View Source Examples

Mix.install([
  {:nx, "~> 0.6.0"},
  {:nx_image, "~> 0.1.2"},
  {:kino, "~> 0.12.0"}
])

Upload your test image

Using a Livebook v0.8.0 or higher, we can add the new Kino.Input.image/1 to upload an image to our notebook.

image_input = Kino.Input.image("Uploaded Image")

We can use Input.read/1 to retrieve the information about our image.

%{file_ref: file_ref, format: :rgb, height: height, width: width} = Kino.Input.read(image_input)

content = file_ref |> Kino.Input.file_path() |> File.read!()

NxImage requires that the images be tensors in either HWC (default) or CHW order, with an arbitrary number of leading batch axes. The input data is already HWC, so creating a tensor is straightforward:

image_tensor =
  Nx.from_binary(content, :u8)
  |> Nx.reshape({height, width, 3})

Now that we have a tensor in the shape of {height, width, channels} we operate on it using the NxImage module.

Center crop

The first capability we'll look at is center cropping.

center_cropped_tensor = NxImage.center_crop(image_tensor, {300, 300})

We've transformed the image from its original size to 300 x 300 by taking the pixels 150 above and below the image center. Similarly we have the 150 pixels to the left and right of the center point.

Visualization

Numbers are great, but most of us are visual focused. Let's see what center crop did to our uploaded image:

Kino.Layout.grid(
  [
    Kino.Image.new(center_cropped_tensor),
    Kino.Markdown.new("**Center of the image**")
  ],
  boxed: true
)

Resize

We'll resize the image. Whether this resized image is shrunk or enlarged is dependent upon the original image size. Resizing to a standard size can be useful when training visual models on a diverse set of source images.
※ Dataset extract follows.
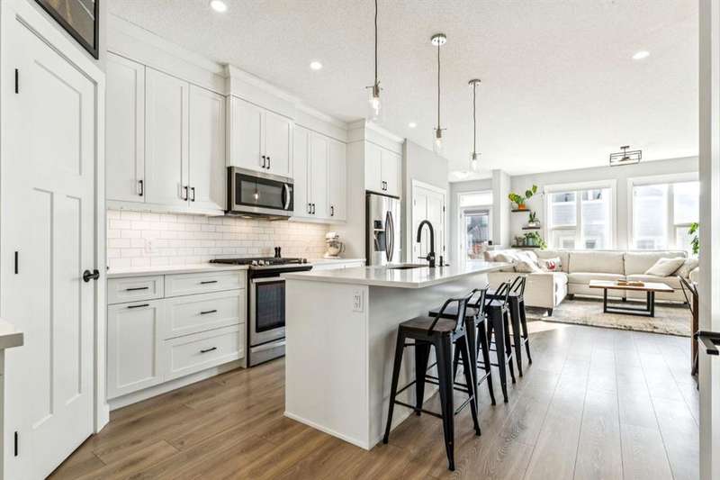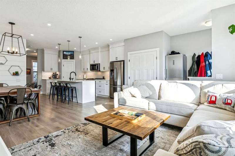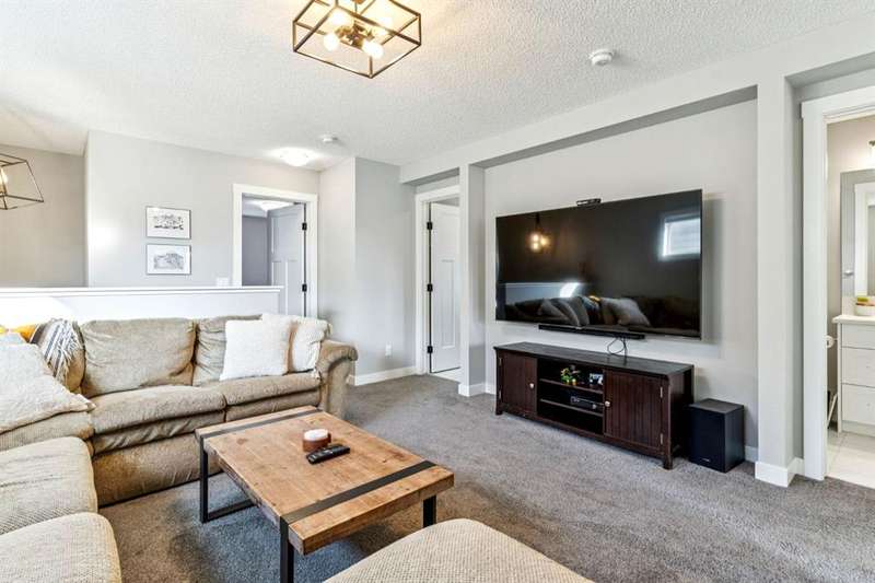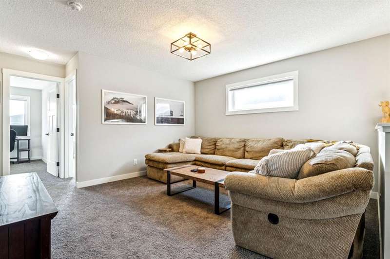 Beautiful Home in Airdrie at an Amazing Price! Welcome to Chinook Park, one of Airdrie’s most sought after new family communities. This 1,800 sqft two-storey home has everything you need—and more! Thoughtfully maintained and updated with high-end finishes, it feels brand new from the moment you walk in. The main floor is open, bright, and welcoming with soaring 9-foot ceilings and oversized windows that flood the space with natural light. Step inside and you’re greeted by a spacious front den—perfect for a home office, playroom, or creative space. Beyond that, the kitchen shines with quartz counters, upgraded stainless steel appliances, stylish black fixtures, and a stunning black Silgranite sink. Just off the kitchen is a bright dining area that easily fits a large table for family dinners or entertaining friends. The living room is cozy yet spacious, ideal for gatherings or simply unwinding. Upstairs, a huge central bonus room offers even more space to relax or play. The primary suite is bright and inviting, complete with a walk-in closet and a gorgeous 3-piece ensuite. Two more large bedrooms and an upstairs laundry room make daily life both comfortable and convenient. The private side entrance leads to a fully finished basement, giving you instant income potential or the perfect guest suite. Down here you’ll find a kitchenette, dining and living areas, a spacious bedroom, and a full bathroom. Outside, the backyard is private and ready for summer evenings on the patio. The oversized garage (23’ x 23’) is fully finished, insulated, heated, and wired for all your projects—your dream man cave or hobby space! This home truly has it all: space, style, and unbeatable value. Come see it today and imagine the amazing life waiting for you here in Chinook Park!

resized_tensor = NxImage.resize(image_tensor, {768, 768}, method: :nearest)

Let's display the original image and the resized image. If you can't tell the difference, try a non-square image, or resizing to a very small resolution instead.
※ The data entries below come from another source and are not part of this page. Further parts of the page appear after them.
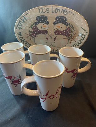 Oval snowman platter 12.5 inches x 8 inches, mugs , 5.75 inches, diameter 3 inches.
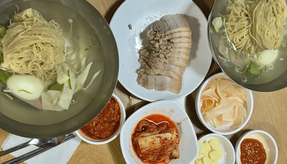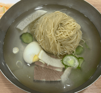 이곳 평양냉면의 육수는 워낙 맑아서 마치 차가운 콩나물국을 먹는 것과 같은 시원함을 느낄 수 있다고 하는데 그 가운데서 깊이 있게 느껴지는 육향이 일품이라고 합니다.
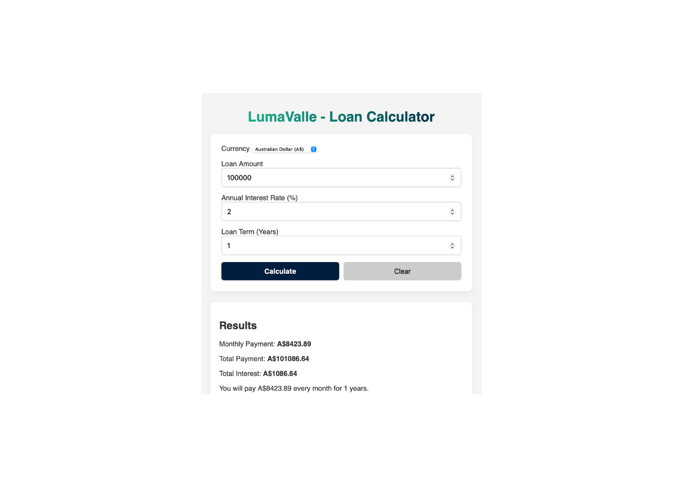 LumaValle-Loan Calculator

original_image = Kino.Image.new(image_tensor)
original_label = Kino.Markdown.new("**Original image**")

resized_image = Kino.Image.new(resized_tensor)
resized_label = Kino.Markdown.new("**Resized image**")

Kino.Layout.grid([
  Kino.Layout.grid([original_image, original_label], boxed: true),
  Kino.Layout.grid([resized_image, resized_label], boxed: true)
])

Let's double check the shape of both images.
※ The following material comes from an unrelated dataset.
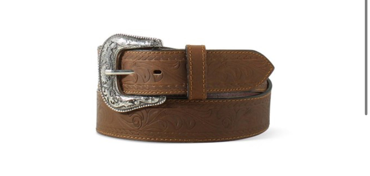 Make a statement with this men’s belt from Ariat by M&F Western. This medium brown belt has floral embossing and self stitched edges. It has an antique silver buckle. 1 ½” wide. Ariat Style Number A1041044.

{image_tensor.shape, resized_tensor.shape}

We can see that the resized image has a different shape from the original image shape.

You can try other resize strategies: :bilinear, :bicubic, :lanczos3, :lanczos5. How do they affect the resulting image?

Further exploration

There are other functions in the NxImage module.

For example, NxImage.normalize/3 can be useful for transfer learning, where an original model is further trained on a set of images from your custom domain. The original images had a particular mean and standard deviation. When transfer learning from the base model, your source images are normalized in the same manner as the distribution of the original set of images.

Note: in this notebook we were using the default Nx.BinaryBackend for all the operations. To speed up the operations you can configure an optimised backend or compiler, such as EXLA.